Target	Description	Flag
Docker	Fresh Hop3 deployed into a local container	`--docker`
SSH	Existing remote server	`--host X`
Cloud	Provisioned cloud server(s) (Hetzner)	`--provider hetzner`

Test Output¶

Recap Summary¶

After tests complete, a recap shows what was tested:

============================================================
All 8 tests passed!
Total time: 148.55s
============================================================

Recap:
  ✓ deployment: 8/8 passed
  Tiers: fast=5, medium=3
  Covers: flask, go, golang, gunicorn, minimal, nginx, nodejs, pip, ...
  Avg time per test: 18.6s

Use -q/--quiet to suppress the recap.

Diagnostic Logs¶

On failure of a Docker e2e or app test, a diagnostic bundle is collected for the run. Replay it with the run id printed in the failure headline:

hop3-test why <run-id>            # Show the full bundle
hop3-test why <run-id> --list     # List available sections
hop3-test why <run-id> --section nginx   # Replay one section

Per-app logs are also written under test-logs/ (override with --logs-dir):

test-logs/
└── 20260110_155610/
    └── system-hop3-test-docker/
        ├── diagnostics.json
        ├── nginx-error.log
        ├── uwsgi.log
        └── hop3-server.log

Continuous Integration¶

CI runs on SourceHut (build manifests live in .builds/). A typical pipeline runs:

make lint             # Linting and type checking
make test             # Check tier: unit + integration, no Docker
make test-e2e         # The Docker e2e layer (c_e2e)
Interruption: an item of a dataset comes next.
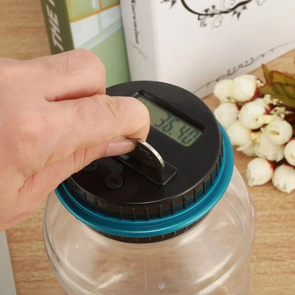 My husband leaves change all around the house. He has an old J&B bottle bank but it doesn’t fit nickels or quarters. So I thought I’d give this a try. Outstanding little bank! You have to press hard to insert coins so it can read them. So it might be tough for small kids or elderly to use. The display shuts off when not in use but still holds the information from the last use. So far I am loving this little bank!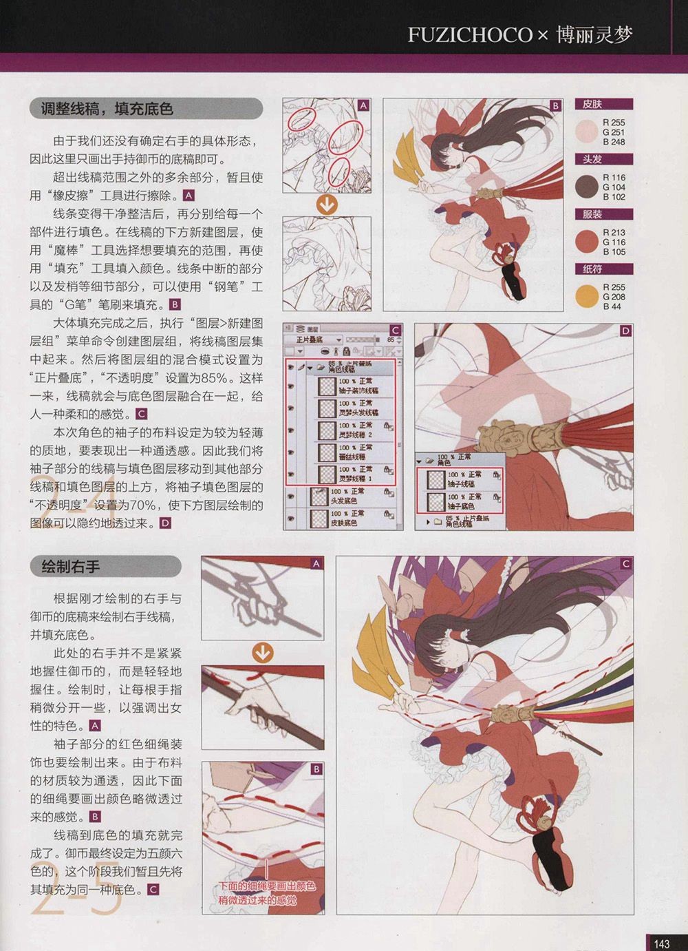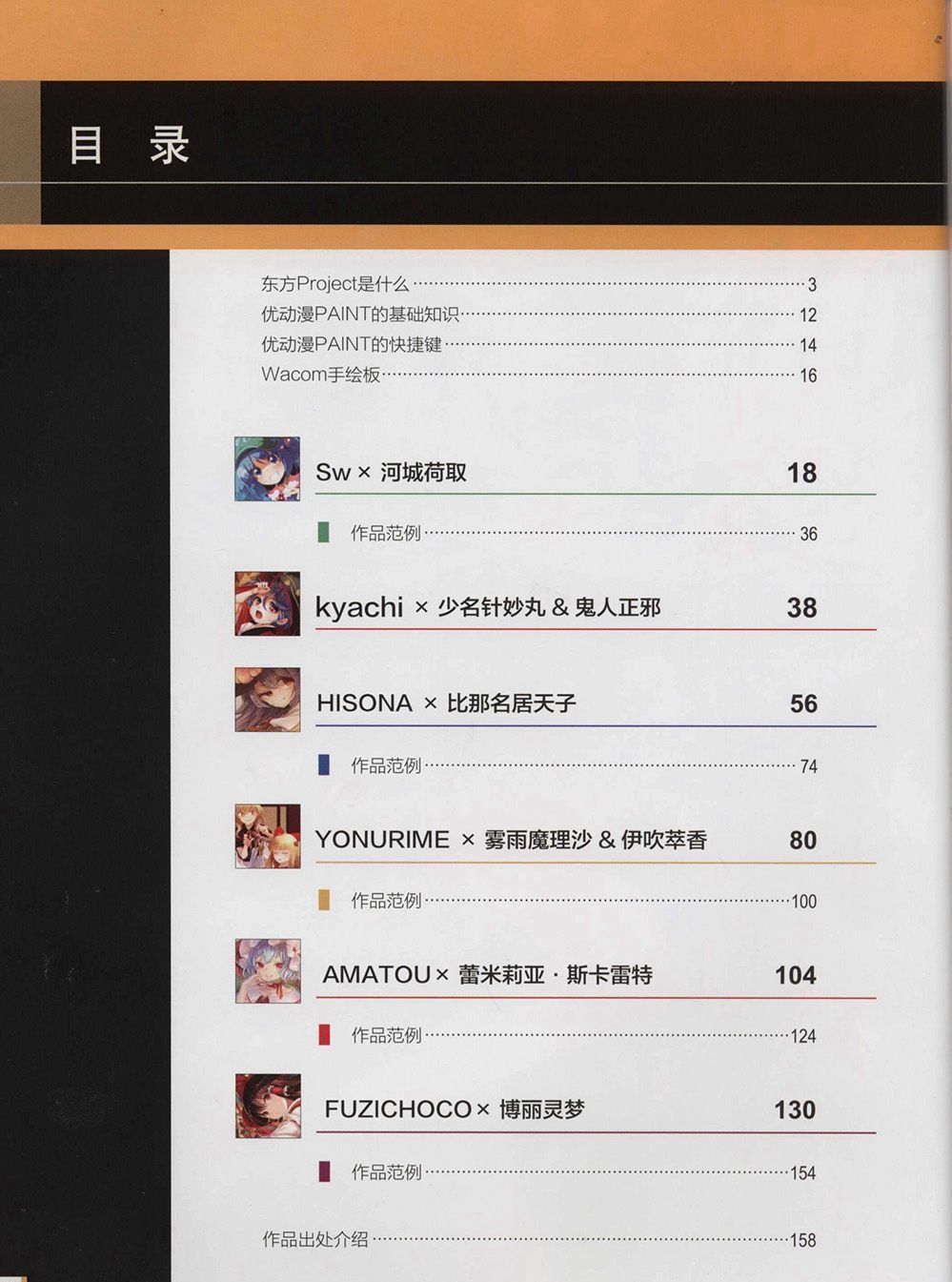在《优动漫PAINT东方同人插画设计》中,6位风格各不相同的Pixiv人气绘师将向大家介绍东方Project题材的插画以及绘制技法。书中不仅讲解了使用优动漫PAINT进行插画构图、起稿、上色及后期处理的制作全过程,还介绍了绘制秘技和思路解析。

The wider app/demo/tutorial matrix runs nightly:

uv run hop3-test run --docker --mode nightly --report html

See: https://builds.sr.ht/~sfermigier/hop3/

Coverage¶

Coverage is measured on the in-process layers only (a_unit + b_integration) — the Docker e2e layer runs out-of-process and contributes nothing to coverage.

# Coverage on the in-process layers
make test-cov

# Or directly (HTML report)
pytest --cov=hop3 --cov-report=html \
  packages/hop3-server/tests/a_unit packages/hop3-server/tests/b_integration

# Open report
open htmlcov/index.html

Cloud Testing¶

For E2E testing on real cloud infrastructure, use hop3-test run --provider hetzner. Requires the HETZNER_API_TOKEN environment variable (Hetzner provider).

# List available images
hop3-test run --list-images

# Test on a single distribution
hop3-test run --provider hetzner --image ubuntu-24.04

# Test across multiple distributions
hop3-test run --provider hetzner --images ubuntu-24.04,debian-13

# Choose which app directories to test (positional, like `run`)
hop3-test run --provider hetzner apps/real-apps-native demos

# Use local code (the default; --from pypi installs from PyPI instead)
hop3-test run --provider hetzner --from local --images all

# Test against an already-provisioned server (no rebuild, no deploy)
hop3-test run --host <server> --reuse

Supported Images¶

ubuntu-24.04 - Ubuntu 24.04 LTS (default)
debian-13 - Debian 13 (trixie)
debian-12 - Debian 12 (bookworm)
fedora-42 - Fedora 42
rocky-9 - Rocky Linux 9
alma-9 - AlmaLinux 9

Troubleshooting¶

A Docker e2e or app test failed¶

Inspect the saved diagnostic bundle by run id (printed in the failure headline):

hop3-test why <run-id>

Tests Hang¶

Check Docker daemon: docker ps
Use verbose mode: -v -s
Check container logs: docker logs hop3-app-test

Import Errors¶

uv sync

Docker Issues¶

# Clean up containers
docker rm -f hop3-app-test hop3-system-test

# Force a rebuild of the cached e2e image (the next c_e2e run rebuilds it)
docker rmi hop3-e2e:test

For detailed information, see Testing Strategy.